Methylphenidate-induced neuropeptide expression. Top: Film autoradiograms depict substance P expression in the middle striatum at 0 minutes (control, left halfbrain) and 1 hour after injection of methylphenidate (MP, 5 mg/kg, i.p.; right halfbrain). Bottom: Time course of methylphenidate (5 mg/kg)-induced expression of substance P (SP), dynorphin (DYN), and enkephalin (ENK) (in percentage of basal expression) for the dorsal striatal sector on the middle level (Yano and Steiner, 2005b). Note that substance P expression increased in 13 of the 23 striatal sectors, whereas dynorphin and enkephalin expression significantly increased in only two and one sector, respectively (values in area of maximal increase are shown here; see Yano and Steiner, 2005b, for details). ** p < 0.01, * p < 0.05 versus 0 minutes.

We directly compared methylphenidate effects on the expression of these genes by monitoring their mRNA levels between 20 minutes and 24 hours after acute injection of methylphenidate (2–10 mg/kg, i.p., adult rats; Yano and Steiner, 2005b) (Figure 3). Similar to the effects of cocaine/amphetamine (see Section 3.1.3), we found that substance P expression increased in many striatal sectors in a dose-dependent and very robust manner, with elevated mRNA levels present within 20 minutes and lasting for more than 3 hours. Conversely, for dynorphin mRNA, we detected a statistically significant, if modest, increase only in two sectors at 1 hour (Figure 3) (Yano and Steiner, 2005b). This latter finding contrasts with studies on amphetamine and cocaine effects, which showed that significantly increased dynorphin mRNA levels are present within 30 minutes (Willuhn et al., 2003), are prominent at 2 to 3 hours (Hurd and Herkenham, 1992; Smith and McGinty, 1994), and last 18 to 30 hours (Smith and McGinty, 1994; Wang et al., 1995) after acute drug administration.
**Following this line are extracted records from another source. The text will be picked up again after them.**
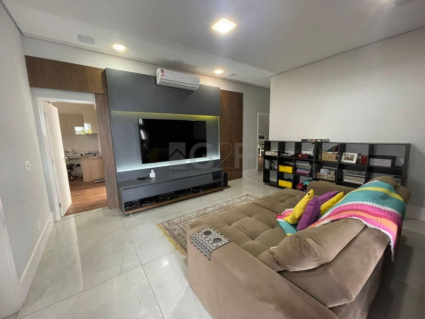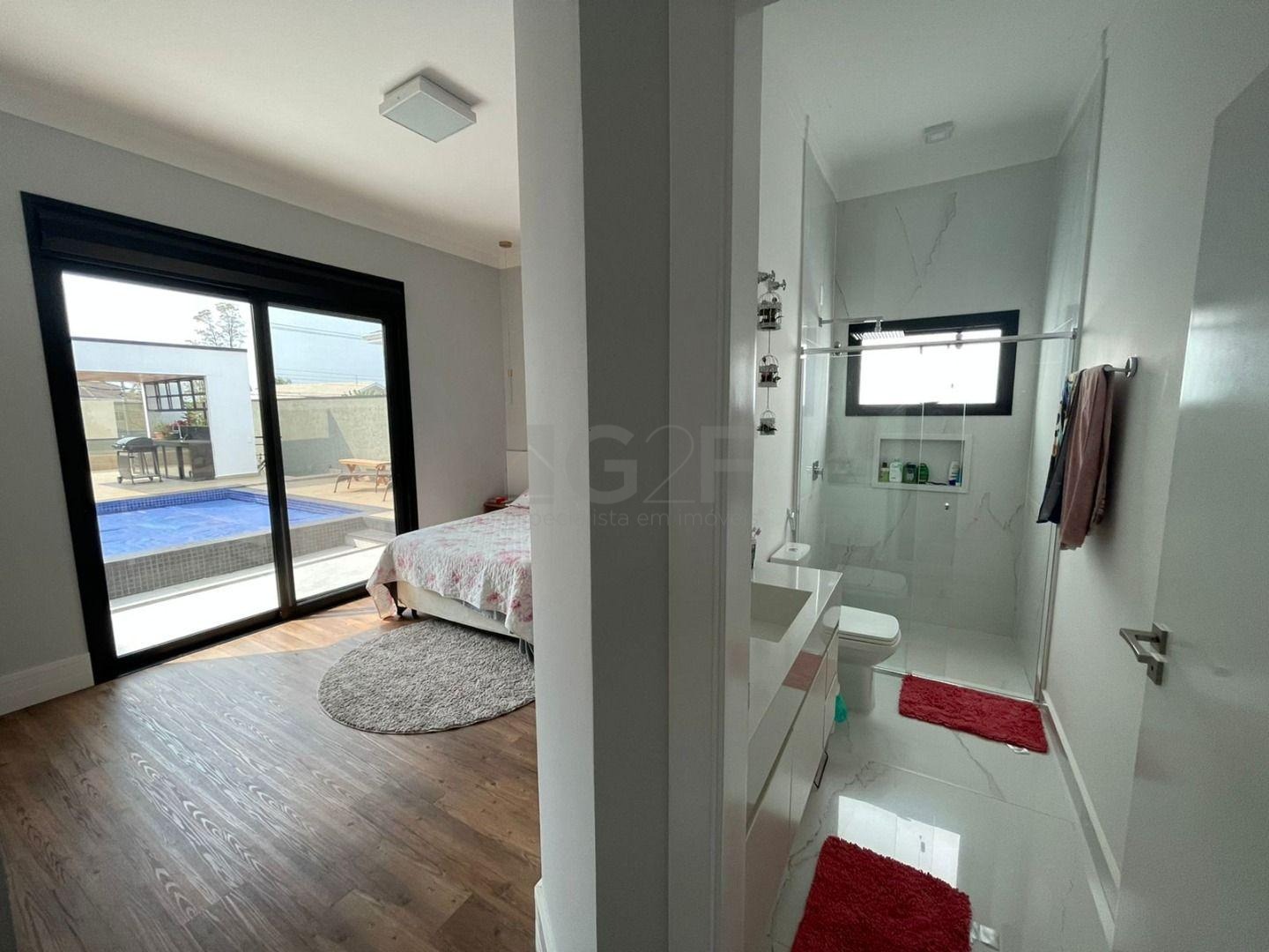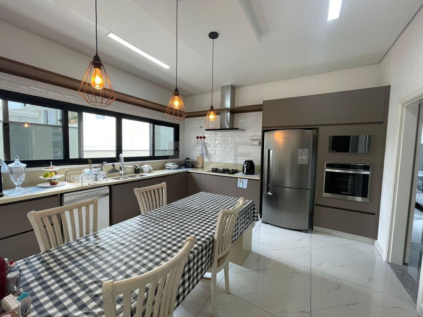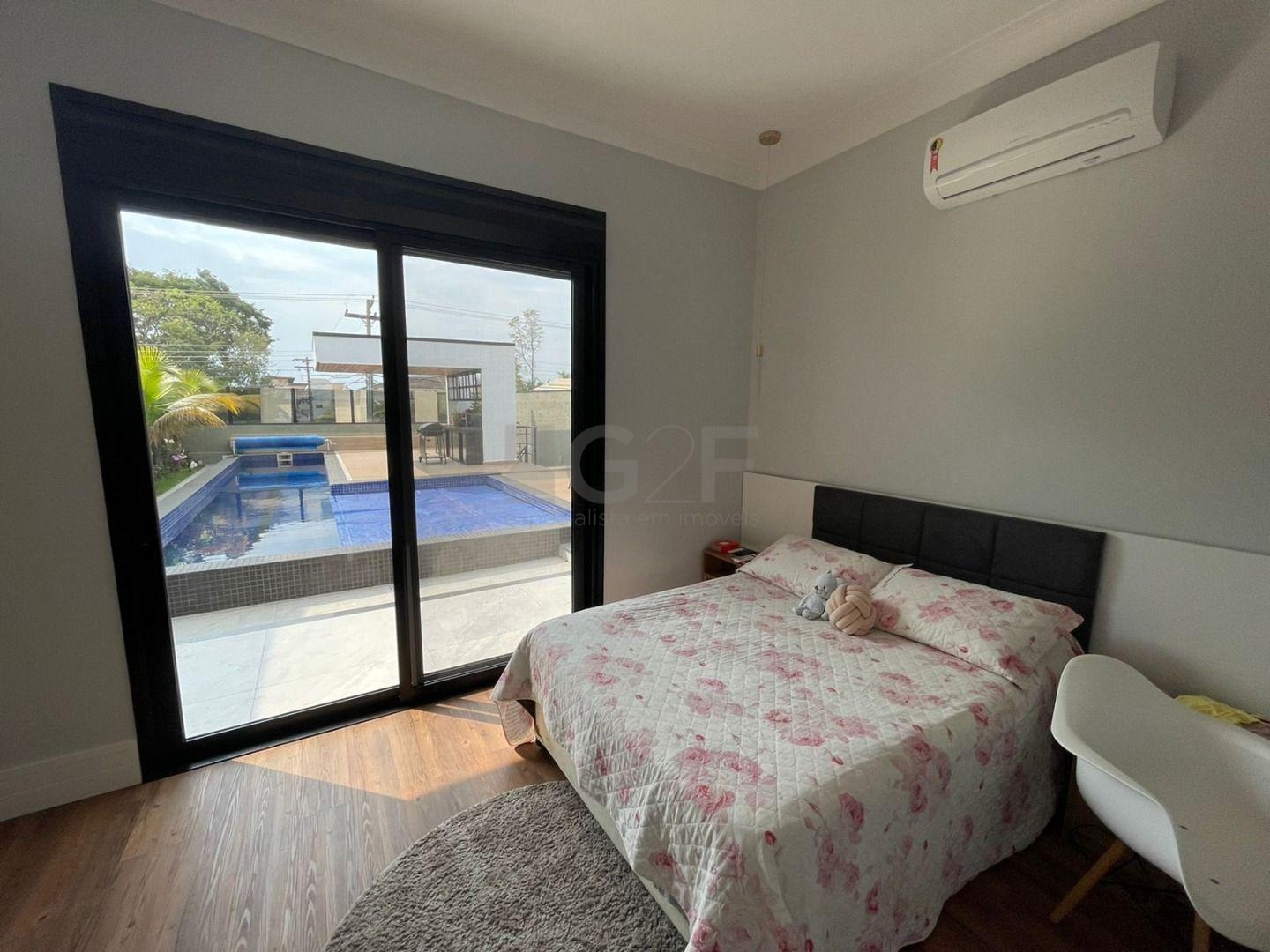 Casa Térrea com fino acabamento e sofisticação construída com ambientes amplos, bem iluminados e arejados, totalmente clean. 4 suítes com pé direito de 3,3 m ricas em armários sendo 1 master com closet e hidro. Área social integrada, living com pé direito de 3,70 m, cozinha estilo americana totalmente planejada e espaço gourmet, escritório. Ar condicionado em todos ambientes. Sauna, piscina aquecida com cascata.42 m² placas solares para aquecimento da piscina.3 placas solares para duchas do banho. Reservatório de 10.000Lt de água de chuva.20 placas de energia fotovoltaica. Automação de lâmpadas, ar condicionados, TV, Home Theater e persianas, bombas das duchas piscina e da cascata. Paisagismo completo. Armários planejados: ROMANZZA.
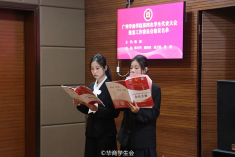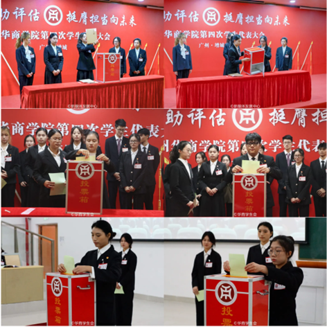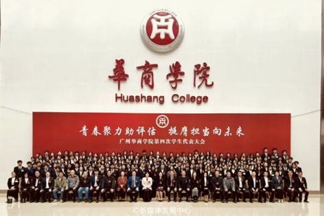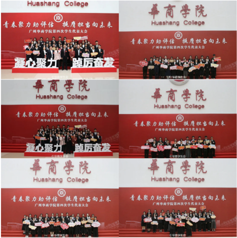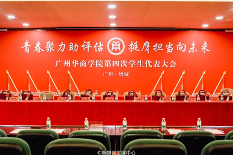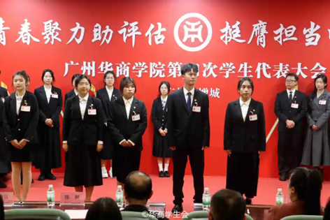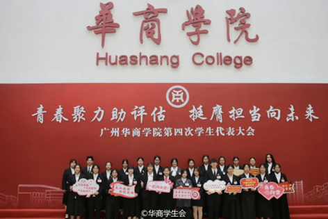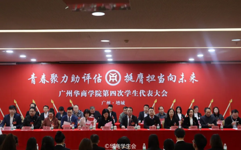 青春聚力助评估,挺膺担当向未来,广州华商学院第四次学生代表大会。
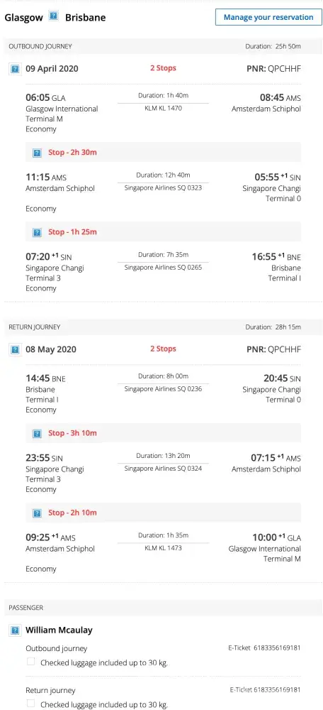 Original flight booked Nov 2019 for travel April 2020. Cost $1610.29 AUD. I paid for a flight for my friend to fly from Glasgow to Brisbane. Flight cancelled on 18 Feb 2019.
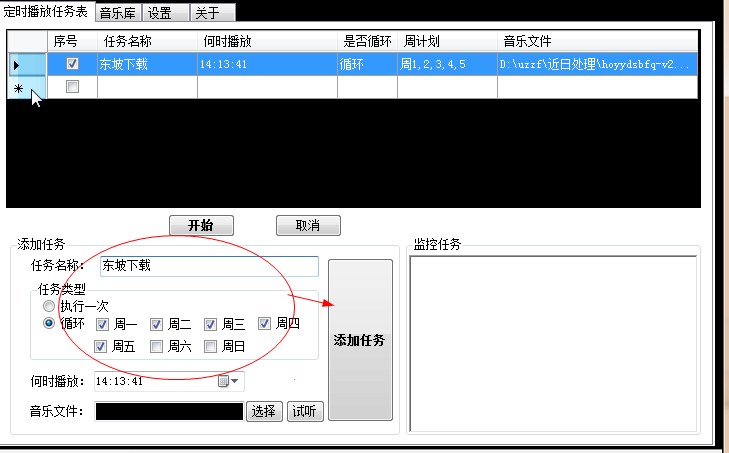 1、添加定时播放任务表,每个播放任务均包括
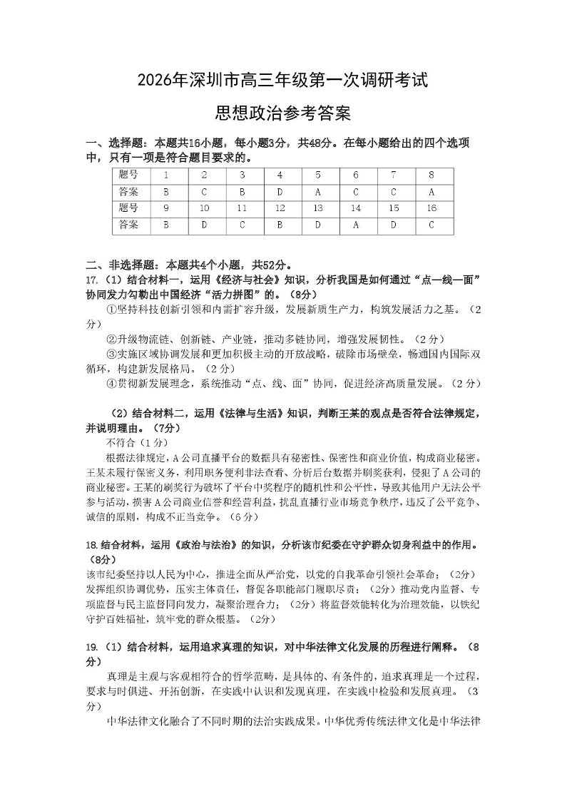 高三政治答案--广东省深圳市2026届高三第一次调研考试(深圳一模)
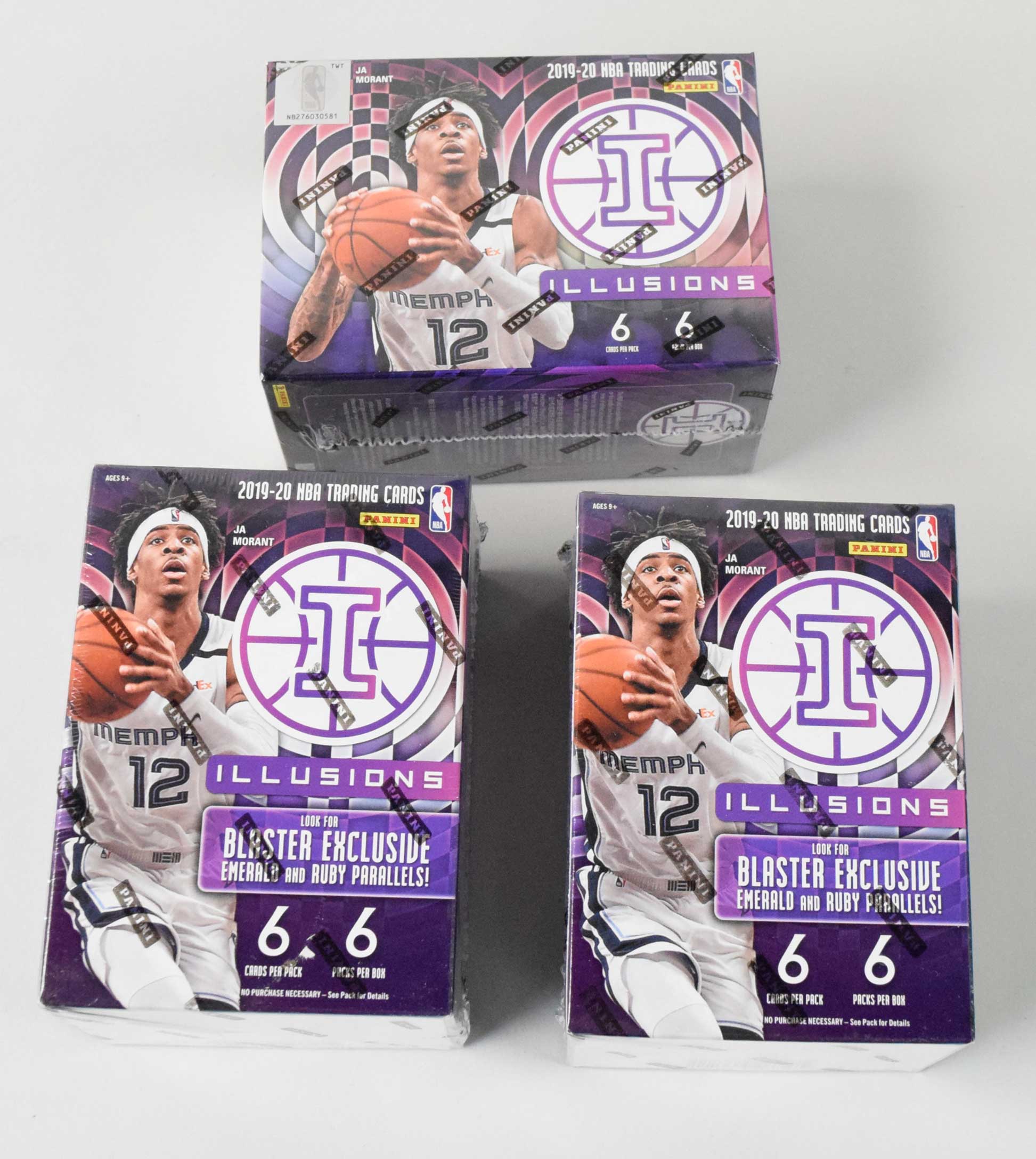 Description:Lot of (3) 2019-20 Panini Illusions basketball blaster boxes (NM/MT). Each box contains 6-packs with 6-cards per pack. All remain factory wrapped, with minimal handling wear: NM/MT

Enkephalin, which is strongly induced, for example, by D2 receptor antagonists (Steiner and Gerfen, 1998), is only moderately affected by acute cocaine and amphetamine treatments (Hurd and Herkenham, 1992; Steiner and Gerfen, 1993; Wang and McGinty, 1995, 1996a). Acute methylphenidate did not produce consistent effects on enkephalin expression (Yano and Steiner, 2005b).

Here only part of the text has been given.